*** Collected material Section Begins ***
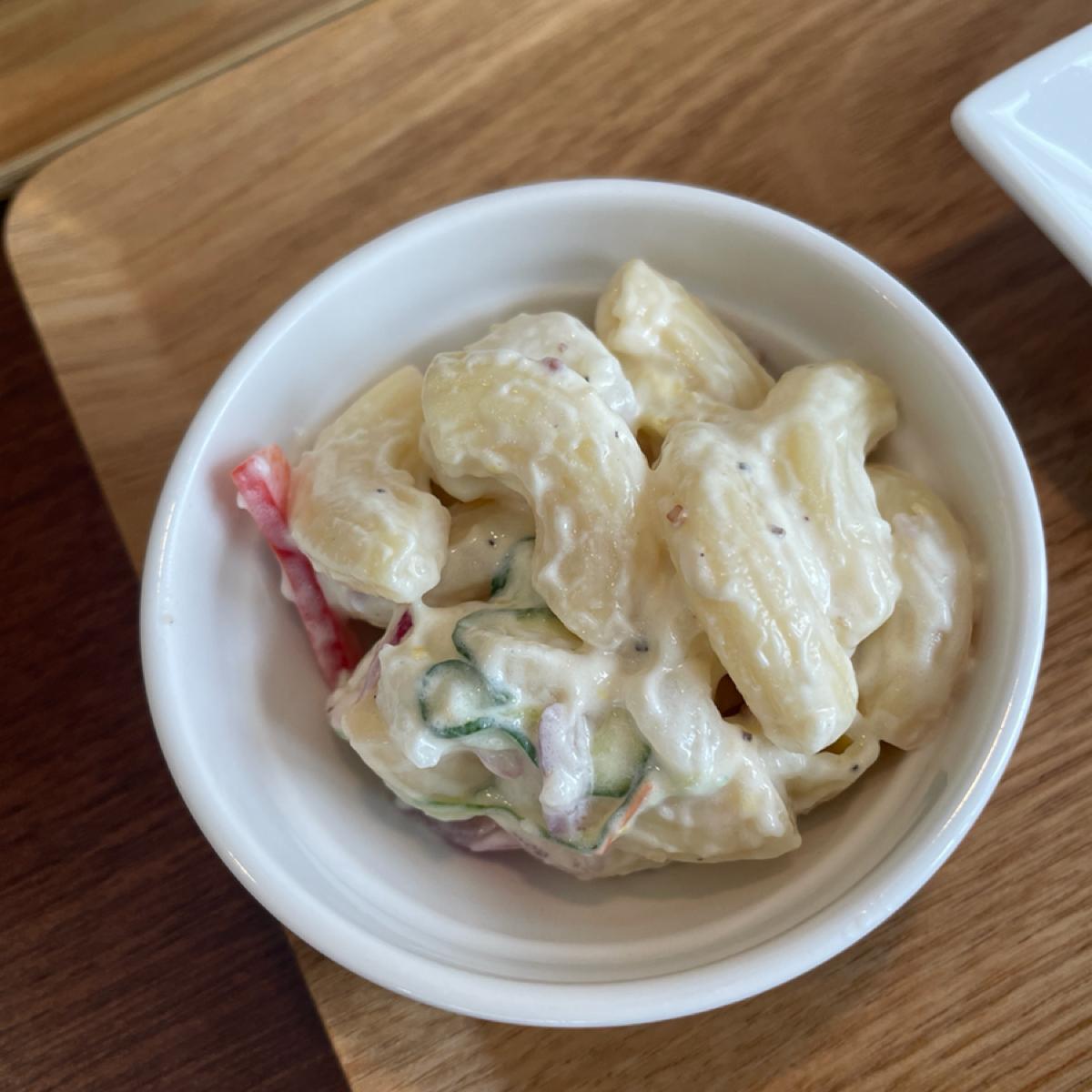 I particularly like one of the side dishes - the macaroni salad, which is macaroni mixed with mayonnaise. It is very satisfying to eat with a heavy-flavored main meal. The soup is a bowl of clear soup, simple but the two of us said it tastes delicious!
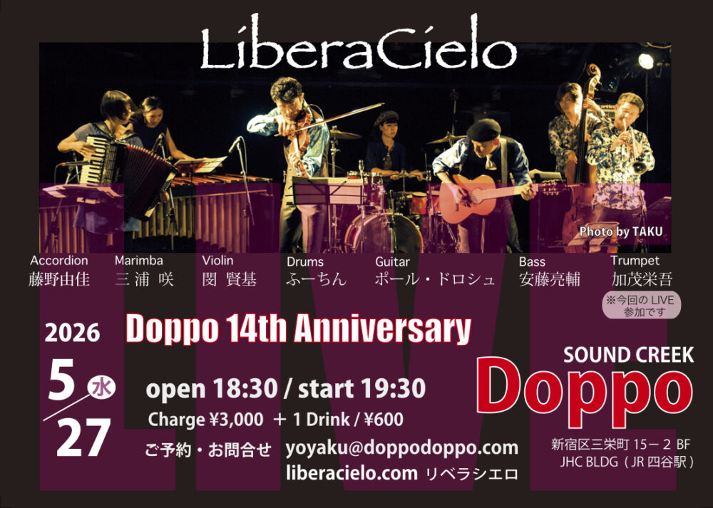 四谷DoppoにてDoppo12周年ライブで同じく12周年のリベラシエロ、ライブやります!
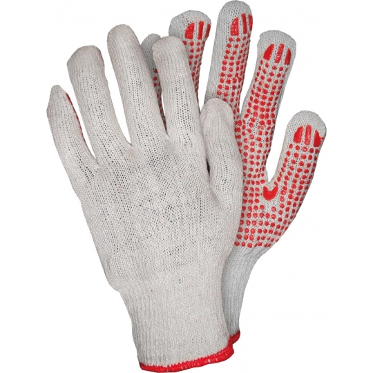 - nakropienie z PCV na części dłonicowej zapewnia dobrą chwytność podczas przenoszenia towarów, a także zwiększa trwałość rękawicy
*** Collected material Section Ends ***
#### Problem requirements:
Once the pictures are set aside, give every line above again without alteration.

#### Output below:
 I particularly like one of the side dishes - the macaroni salad, which is macaroni mixed with mayonnaise. It is very satisfying to eat with a heavy-flavored main meal. The soup is a bowl of clear soup, simple but the two of us said it tastes delicious!
 四谷DoppoにてDoppo12周年ライブで同じく12周年のリベラシエロ、ライブやります!
 - nakropienie z PCV na części dłonicowej zapewnia dobrą chwytność podczas przenoszenia towarów, a także zwiększa trwałość rękawicy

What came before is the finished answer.